The steroids gave my immune system and my body the boost of strength it needed to fight the infection. I think they also lessened the inflammation in my bronchial tubes and lungs.

My doctor did give me a cough syrup with codeine in it to help me sleep at night, and it was the only thing that gave me any rest. I stopped coughing long enough to fall asleep, which was easy to do with the codeine at work.

Post 3

What can a doctor give you for a viral chest infection? I know that antibiotics are useless when the infection is caused by a virus, so I just wonder if there is anything that can help you get over a viral infection faster.

I tend to get bronchitis every year or so, and usually, I just suffer through it at home. It lasts for weeks, though, and I feel so miserable not being able to get a good breath without a fit of coughing.

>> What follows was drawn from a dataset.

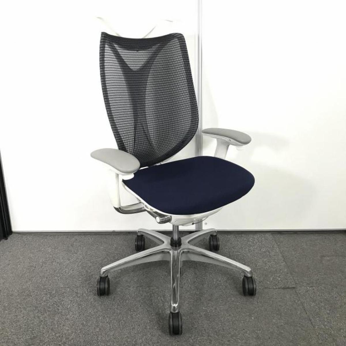 【在庫入替セール品】【2022年製/前傾チルト付きで作業効率アップ!長時間のデスクワークでも快適なオカムラ製の高級シリーズ!】◾️オカムラ/サブリナ/ダークブルー/肘無/ランバー付【弊社使用欄:A01032640 K】

Is there anything a doctor can give me to help me get well quicker? Is there some sort of miracle cough syrup on the market that heals bronchitis?

Post 2

Some symptoms of a chest infection may vary, but one that is common to all kinds is the persistent cough. Though you may not always have a fever or runny nose, you will struggle to get the phlegm out of your air passages.

I have had a variety of chest infections. I've had acute bronchitis, excess phlegm from an old sinus infection, and irritated bronchial tubes caused by breathing in too much dust. All of these caused a cough that was so strong it kept me home from work.

The treatments vary, too, but all kinds of chest infections can be eased with over the counter expectorants and cough suppressants. I've taken these no matter what the cause of my infection was, and sometimes, I took them in addition to antibiotics. They gave me enough relief to sleep through the night.

Post 1

I had whooping cough as a kid, and it was pretty intense. This chest infection caused a cough that tried to strangle me, and it worried my mother greatly.

It started out like a regular cold. After about a week of dealing with a runny nose, I got this cough that would not let me breathe. I would have spells where I coughed so much that I could not get a good breath, and my face would turn red.

It really tired me out. I had no energy, and all my mother could do was put me in a room with a vaporizer and keep giving me cough syrup. It eventually went away, but I was so fatigued by then that it took me several days just to regain enough strength to function normally.